Task statement - Output only the stretch of the listing that starts at the line containing "위반유형을 살펴보면 ‘부당한" and ends at the line containing "Naprijed, Zagreb 1970.", reproduced exactly with both ends.

Provided data -
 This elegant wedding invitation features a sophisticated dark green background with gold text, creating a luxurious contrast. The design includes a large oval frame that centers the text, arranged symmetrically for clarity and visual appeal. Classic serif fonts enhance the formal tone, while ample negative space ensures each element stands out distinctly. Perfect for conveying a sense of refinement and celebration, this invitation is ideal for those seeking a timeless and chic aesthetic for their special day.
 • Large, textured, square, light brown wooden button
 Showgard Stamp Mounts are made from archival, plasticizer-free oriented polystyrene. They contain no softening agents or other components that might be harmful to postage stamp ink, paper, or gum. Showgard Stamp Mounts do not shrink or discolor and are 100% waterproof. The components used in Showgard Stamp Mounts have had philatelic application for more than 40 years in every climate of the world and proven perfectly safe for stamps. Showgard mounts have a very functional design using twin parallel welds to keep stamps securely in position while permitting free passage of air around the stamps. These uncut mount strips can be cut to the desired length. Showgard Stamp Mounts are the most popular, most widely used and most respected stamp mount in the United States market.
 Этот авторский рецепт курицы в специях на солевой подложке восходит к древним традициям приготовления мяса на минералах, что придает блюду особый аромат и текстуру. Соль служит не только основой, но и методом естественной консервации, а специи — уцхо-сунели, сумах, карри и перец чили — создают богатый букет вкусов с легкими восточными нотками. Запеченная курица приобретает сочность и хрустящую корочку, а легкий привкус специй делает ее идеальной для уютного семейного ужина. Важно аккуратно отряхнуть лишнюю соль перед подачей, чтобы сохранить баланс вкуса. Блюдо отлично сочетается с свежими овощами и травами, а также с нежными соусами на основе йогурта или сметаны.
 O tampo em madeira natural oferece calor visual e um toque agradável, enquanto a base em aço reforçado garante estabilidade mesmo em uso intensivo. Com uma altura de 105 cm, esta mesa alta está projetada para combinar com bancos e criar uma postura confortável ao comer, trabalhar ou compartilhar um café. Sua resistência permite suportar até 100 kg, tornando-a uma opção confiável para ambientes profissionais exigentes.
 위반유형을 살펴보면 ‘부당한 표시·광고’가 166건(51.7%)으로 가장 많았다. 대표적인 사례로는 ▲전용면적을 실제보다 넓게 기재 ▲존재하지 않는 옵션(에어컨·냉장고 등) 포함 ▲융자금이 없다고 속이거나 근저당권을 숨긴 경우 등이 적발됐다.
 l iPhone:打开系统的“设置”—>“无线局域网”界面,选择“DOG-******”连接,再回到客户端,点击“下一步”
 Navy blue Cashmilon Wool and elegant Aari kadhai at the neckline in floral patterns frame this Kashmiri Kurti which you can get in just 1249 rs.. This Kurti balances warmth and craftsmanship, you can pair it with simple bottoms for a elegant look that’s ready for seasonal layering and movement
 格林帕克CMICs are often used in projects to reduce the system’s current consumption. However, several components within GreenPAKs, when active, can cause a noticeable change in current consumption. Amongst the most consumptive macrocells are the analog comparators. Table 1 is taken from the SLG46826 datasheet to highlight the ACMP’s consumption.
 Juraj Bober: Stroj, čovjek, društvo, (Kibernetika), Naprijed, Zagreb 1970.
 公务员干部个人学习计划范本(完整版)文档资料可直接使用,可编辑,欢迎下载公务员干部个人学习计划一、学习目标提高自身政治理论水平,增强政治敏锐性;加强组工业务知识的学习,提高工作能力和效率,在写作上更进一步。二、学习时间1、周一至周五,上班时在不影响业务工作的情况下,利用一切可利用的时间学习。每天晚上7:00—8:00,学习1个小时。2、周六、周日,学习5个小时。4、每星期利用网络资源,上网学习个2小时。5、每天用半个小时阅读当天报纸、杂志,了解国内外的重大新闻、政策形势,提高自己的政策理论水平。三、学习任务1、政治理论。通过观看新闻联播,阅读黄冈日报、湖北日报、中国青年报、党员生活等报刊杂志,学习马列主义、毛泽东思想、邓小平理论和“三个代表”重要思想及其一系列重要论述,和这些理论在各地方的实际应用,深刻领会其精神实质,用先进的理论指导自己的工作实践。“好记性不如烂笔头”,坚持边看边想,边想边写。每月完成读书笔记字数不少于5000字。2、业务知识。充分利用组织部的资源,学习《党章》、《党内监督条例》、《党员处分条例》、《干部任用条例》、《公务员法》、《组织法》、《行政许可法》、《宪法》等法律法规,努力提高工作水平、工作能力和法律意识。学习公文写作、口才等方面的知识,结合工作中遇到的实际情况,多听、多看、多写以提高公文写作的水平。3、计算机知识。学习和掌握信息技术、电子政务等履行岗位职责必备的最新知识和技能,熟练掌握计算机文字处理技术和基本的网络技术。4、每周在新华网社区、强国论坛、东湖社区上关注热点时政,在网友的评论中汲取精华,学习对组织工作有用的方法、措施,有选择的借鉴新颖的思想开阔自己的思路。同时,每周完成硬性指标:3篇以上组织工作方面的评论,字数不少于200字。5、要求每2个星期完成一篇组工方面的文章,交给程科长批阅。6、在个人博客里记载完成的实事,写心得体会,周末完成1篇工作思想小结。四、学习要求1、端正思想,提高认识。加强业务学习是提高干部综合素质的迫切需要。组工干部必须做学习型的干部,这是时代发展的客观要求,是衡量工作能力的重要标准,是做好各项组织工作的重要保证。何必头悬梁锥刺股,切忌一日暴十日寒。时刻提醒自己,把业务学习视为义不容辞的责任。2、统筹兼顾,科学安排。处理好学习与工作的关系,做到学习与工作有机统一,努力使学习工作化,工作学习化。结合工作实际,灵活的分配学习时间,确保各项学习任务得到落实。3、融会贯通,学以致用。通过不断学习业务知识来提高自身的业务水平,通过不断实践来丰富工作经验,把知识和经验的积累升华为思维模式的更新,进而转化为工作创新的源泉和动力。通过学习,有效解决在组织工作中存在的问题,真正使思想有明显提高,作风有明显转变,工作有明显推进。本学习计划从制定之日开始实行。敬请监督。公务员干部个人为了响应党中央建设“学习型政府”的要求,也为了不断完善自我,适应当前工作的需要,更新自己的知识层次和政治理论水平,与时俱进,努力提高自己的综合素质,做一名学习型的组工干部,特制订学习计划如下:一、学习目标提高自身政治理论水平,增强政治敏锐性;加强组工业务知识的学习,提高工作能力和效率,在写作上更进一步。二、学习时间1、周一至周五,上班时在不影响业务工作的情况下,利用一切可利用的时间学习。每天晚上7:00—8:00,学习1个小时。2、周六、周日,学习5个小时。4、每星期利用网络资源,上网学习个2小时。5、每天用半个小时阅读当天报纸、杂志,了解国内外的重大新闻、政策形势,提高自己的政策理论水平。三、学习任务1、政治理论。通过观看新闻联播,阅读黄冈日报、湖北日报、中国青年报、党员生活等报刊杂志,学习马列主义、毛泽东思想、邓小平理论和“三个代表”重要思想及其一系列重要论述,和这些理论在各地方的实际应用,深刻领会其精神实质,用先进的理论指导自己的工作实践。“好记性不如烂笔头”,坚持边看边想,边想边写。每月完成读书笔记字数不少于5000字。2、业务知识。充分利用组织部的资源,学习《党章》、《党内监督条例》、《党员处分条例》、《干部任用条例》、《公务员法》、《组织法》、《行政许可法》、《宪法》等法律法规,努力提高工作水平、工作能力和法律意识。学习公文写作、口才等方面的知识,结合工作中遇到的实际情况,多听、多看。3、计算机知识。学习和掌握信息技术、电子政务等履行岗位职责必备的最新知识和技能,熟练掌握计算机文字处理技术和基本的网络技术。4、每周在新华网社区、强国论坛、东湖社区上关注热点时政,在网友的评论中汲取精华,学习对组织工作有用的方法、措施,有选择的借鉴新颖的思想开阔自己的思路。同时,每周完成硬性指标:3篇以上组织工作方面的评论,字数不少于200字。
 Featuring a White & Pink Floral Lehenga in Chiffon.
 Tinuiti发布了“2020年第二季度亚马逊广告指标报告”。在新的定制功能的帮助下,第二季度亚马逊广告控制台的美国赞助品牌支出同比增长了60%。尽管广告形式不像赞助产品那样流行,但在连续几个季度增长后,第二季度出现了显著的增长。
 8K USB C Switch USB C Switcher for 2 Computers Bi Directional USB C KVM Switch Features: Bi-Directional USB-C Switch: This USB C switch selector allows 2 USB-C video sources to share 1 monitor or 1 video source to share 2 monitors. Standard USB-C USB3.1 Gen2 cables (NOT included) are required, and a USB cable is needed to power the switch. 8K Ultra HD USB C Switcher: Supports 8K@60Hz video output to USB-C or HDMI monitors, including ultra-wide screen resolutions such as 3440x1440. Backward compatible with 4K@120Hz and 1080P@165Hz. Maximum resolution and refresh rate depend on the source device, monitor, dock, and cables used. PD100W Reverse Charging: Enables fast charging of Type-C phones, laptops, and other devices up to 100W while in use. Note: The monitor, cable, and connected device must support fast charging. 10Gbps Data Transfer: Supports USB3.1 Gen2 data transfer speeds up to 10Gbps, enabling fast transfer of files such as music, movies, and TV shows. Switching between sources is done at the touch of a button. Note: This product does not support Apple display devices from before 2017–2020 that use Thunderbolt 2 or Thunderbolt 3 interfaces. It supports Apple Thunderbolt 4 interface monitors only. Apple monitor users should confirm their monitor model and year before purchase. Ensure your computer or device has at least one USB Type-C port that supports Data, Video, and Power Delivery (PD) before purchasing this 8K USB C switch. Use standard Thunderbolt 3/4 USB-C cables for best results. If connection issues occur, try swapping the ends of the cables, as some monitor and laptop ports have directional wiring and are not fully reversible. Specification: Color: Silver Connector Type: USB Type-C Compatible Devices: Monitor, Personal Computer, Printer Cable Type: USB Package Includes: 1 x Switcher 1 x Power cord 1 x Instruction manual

Task result -
 위반유형을 살펴보면 ‘부당한 표시·광고’가 166건(51.7%)으로 가장 많았다. 대표적인 사례로는 ▲전용면적을 실제보다 넓게 기재 ▲존재하지 않는 옵션(에어컨·냉장고 등) 포함 ▲융자금이 없다고 속이거나 근저당권을 숨긴 경우 등이 적발됐다.
 l iPhone:打开系统的“设置”—>“无线局域网”界面,选择“DOG-******”连接,再回到客户端,点击“下一步”
 Navy blue Cashmilon Wool and elegant Aari kadhai at the neckline in floral patterns frame this Kashmiri Kurti which you can get in just 1249 rs.. This Kurti balances warmth and craftsmanship, you can pair it with simple bottoms for a elegant look that’s ready for seasonal layering and movement
 格林帕克CMICs are often used in projects to reduce the system’s current consumption. However, several components within GreenPAKs, when active, can cause a noticeable change in current consumption. Amongst the most consumptive macrocells are the analog comparators. Table 1 is taken from the SLG46826 datasheet to highlight the ACMP’s consumption.
 Juraj Bober: Stroj, čovjek, društvo, (Kibernetika), Naprijed, Zagreb 1970.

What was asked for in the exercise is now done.